The biodegradable performance of SMPU fibers and SMPU/HA composite fibers represented by the weight loss during in vitro release

DEX was selected as drug model to investigate the release behavior from the carrier of the electrospun mats in PBS at 37 °C, and the cumulative release of DEX was shown in Fig. 11. All the mats exhibited slower sustained release of DEX over 10 weeks, and importantly, no initial burst release could be observed, which would guarantee a long time sustained release of DEX [32, 38].

Fig. 11
figure 11

Cumulative release profile of DEX from SMPU and SMPU/HA electrospun fibers with DEX (Inset: the UV-vis spectra of DEX)
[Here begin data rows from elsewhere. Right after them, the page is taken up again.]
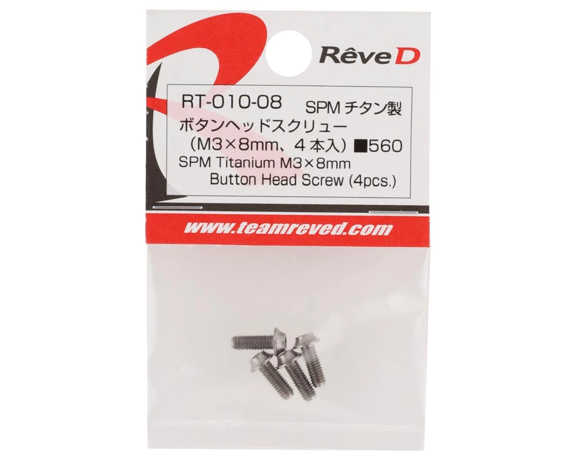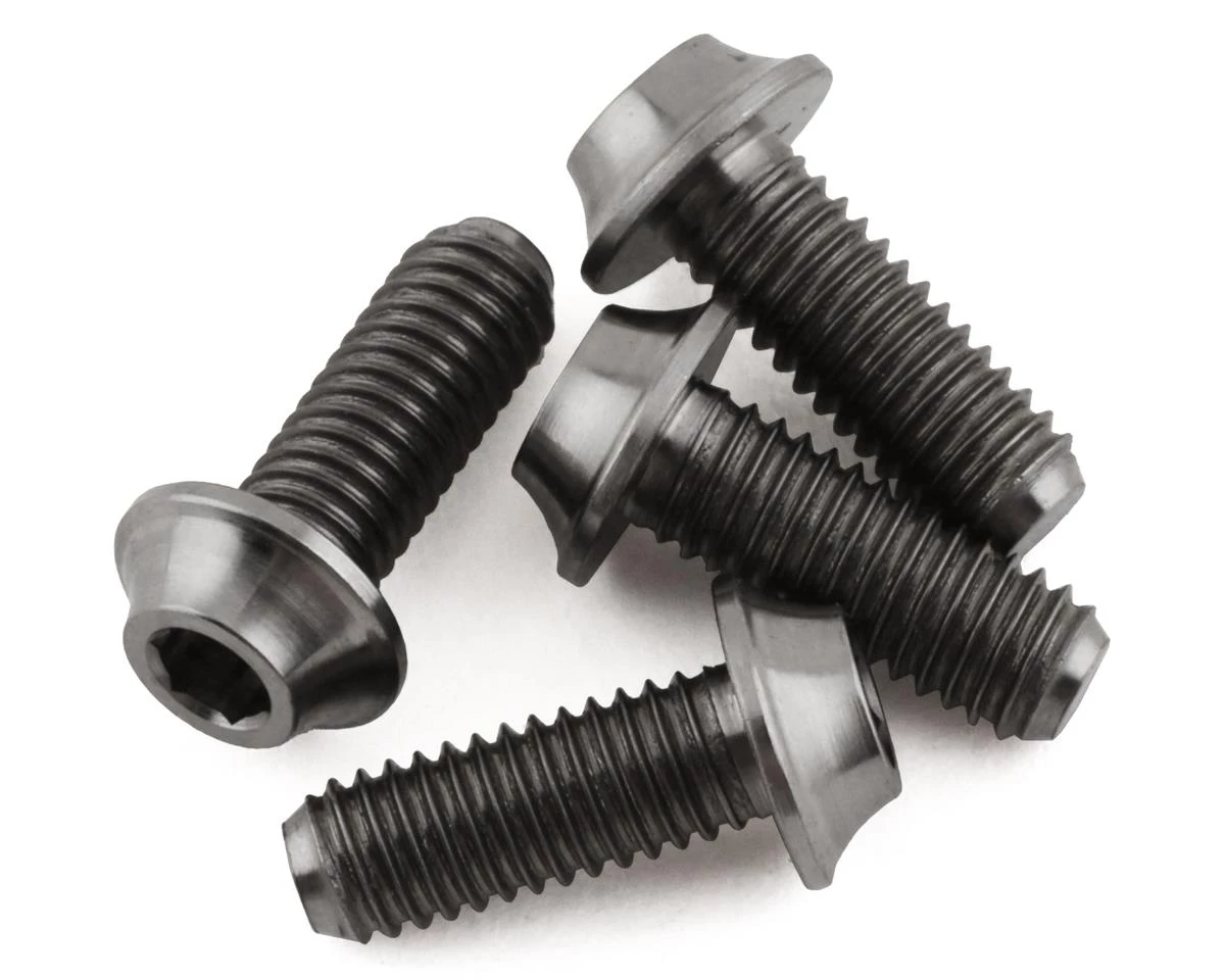 A package of four Reve D 3x8mm Titanium Button Head Screws. These screws feature a built in washer that measures 7mm of diameter, which reduces the number of parts and delivers great aesthetics to make your ride stand out from the rest.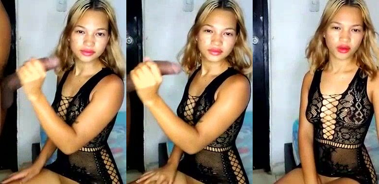skinny latina with small tits sucks and jerks off her man's cock to make him cum on her face babe wants it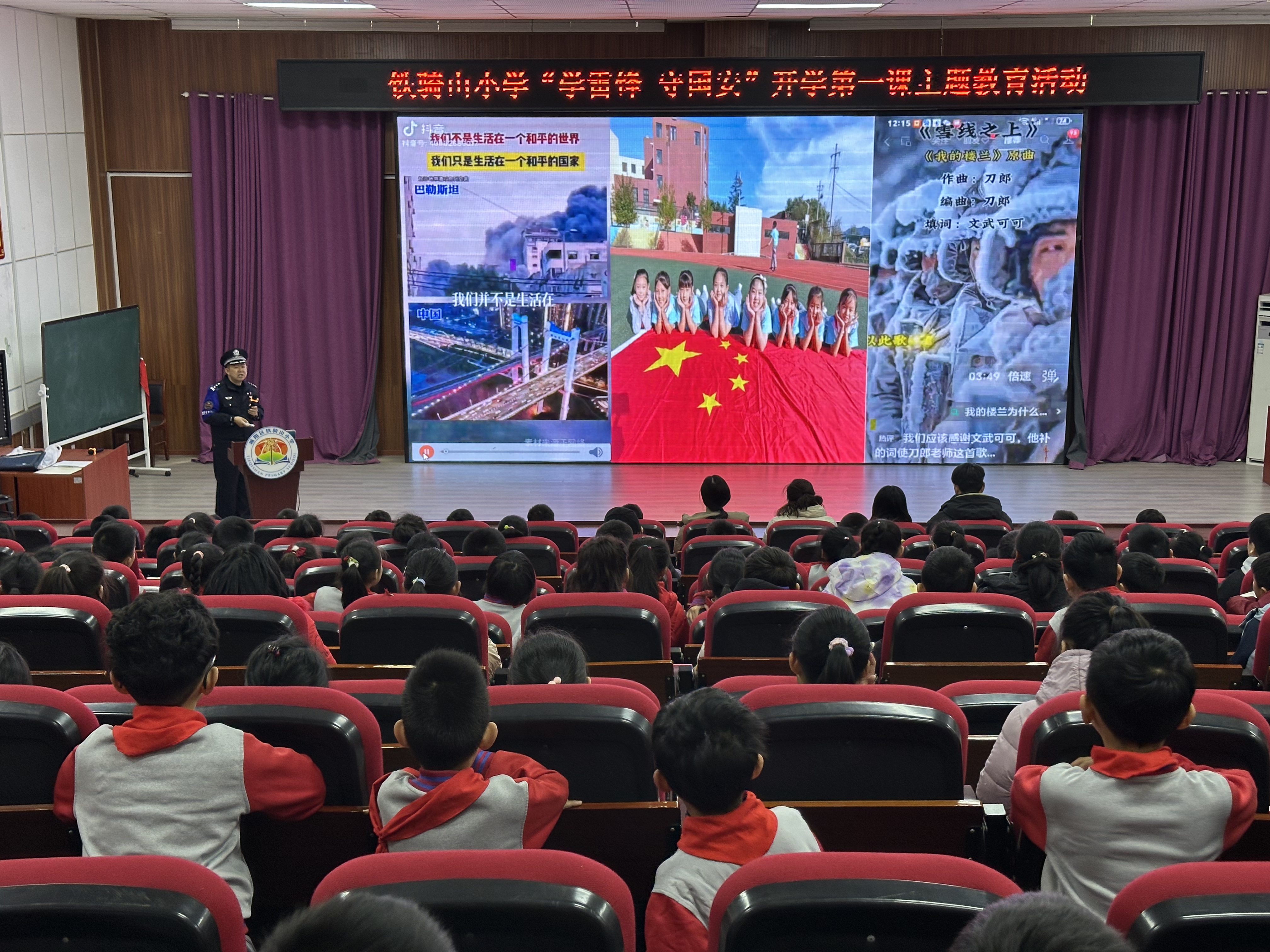 3月5日上午,惜福镇派出所联合交管四中队走进铁骑山小学,开展“学雷锋·守国安”开学第一课活动,民警讲述雷锋故事、解读精神内涵,结合案例普及校园安全、交通安全等知识,鼓励同学们争做新时代好少年。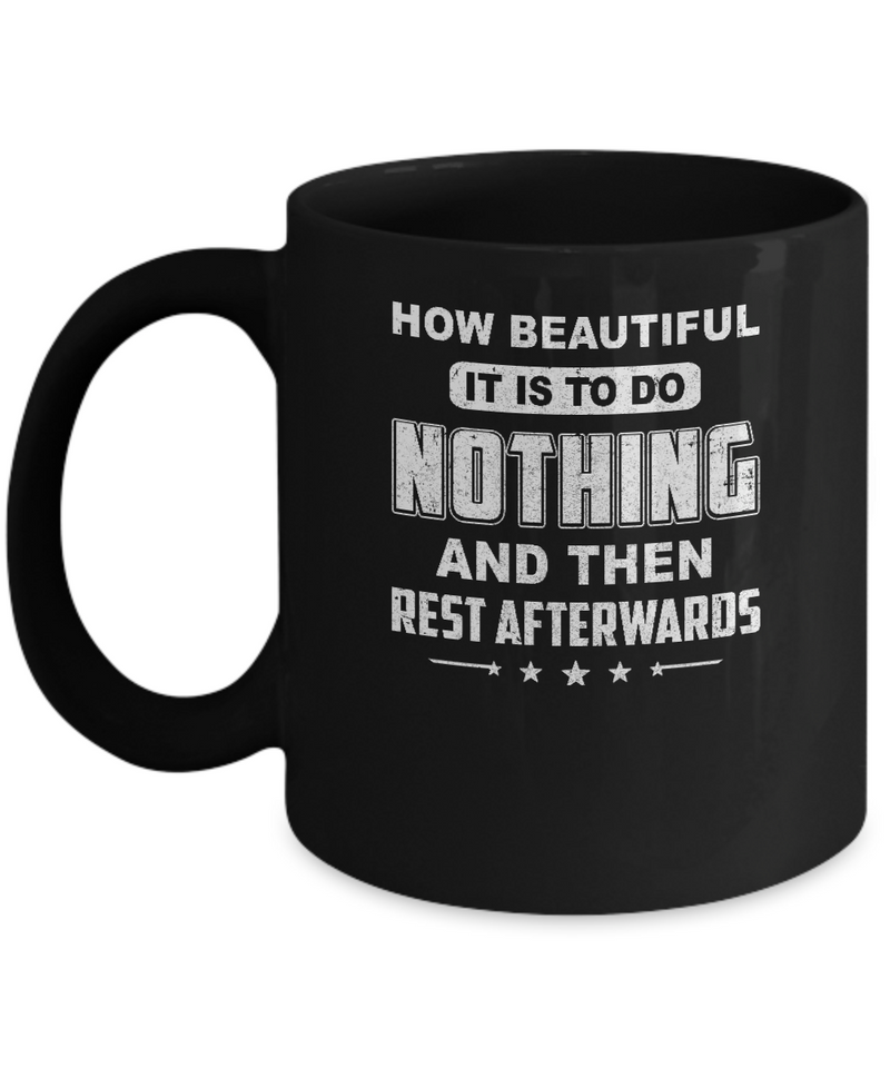 The How Beautiful It Is To Do Nothing Then Rest Afterwards Mug is a relaxing and inspirational gift for anyone who appreciates leisure. Made from high-quality ceramic, it’s microwave and dishwasher safe for daily coffee or tea enjoyment. Perfect for self-care, birthdays, or novelty gifting, it celebrates the art of resting and enjoying life’s simple pleasures. Durable and stylish, it’s a thoughtful way to encourage relaxation while adding charm and functionality to daily beverage routines.

While in case of SMPU/HA mats, the release showed growing trends with the increasing content of HA in SMPU fibers. This indicated that the release was mainly depended on the degradation rates, which meant the long chains of polymer could be hydrolyzed into oligomers with the release of drug molecules. And thus the introduction of HA into the fibers enhanced the biodegradability and the controlled release of drugs to the electrospun microfibers effectively.

Conclusion

The enhanced biodegradability and shape memory performance of SMPU microfibers were fabricated by the incorporation with HA into the system. The composite fibers exhibited better controlled drug release with EDX as drug model for its potential use in medical fields. Varying loading ratios of HA in the composite fibers affected the shape memory transition temperatures and the shape memory recovery ratios. And SMPU with 3 wt% of HA exhibited relative excellent Rr of > 97% and recovery ability with the shortest recovery time of about 6 s, owing to its probable appropriate interactions with SMPU and relative excellent mechanical properties in tensile and modulus values. So further increase in the content of HA would reduce the recovery force and prolong the recovery time. The obtained results proved that the biodegradable SMPU/HA composite fibers have application prospects in bio-medical fields.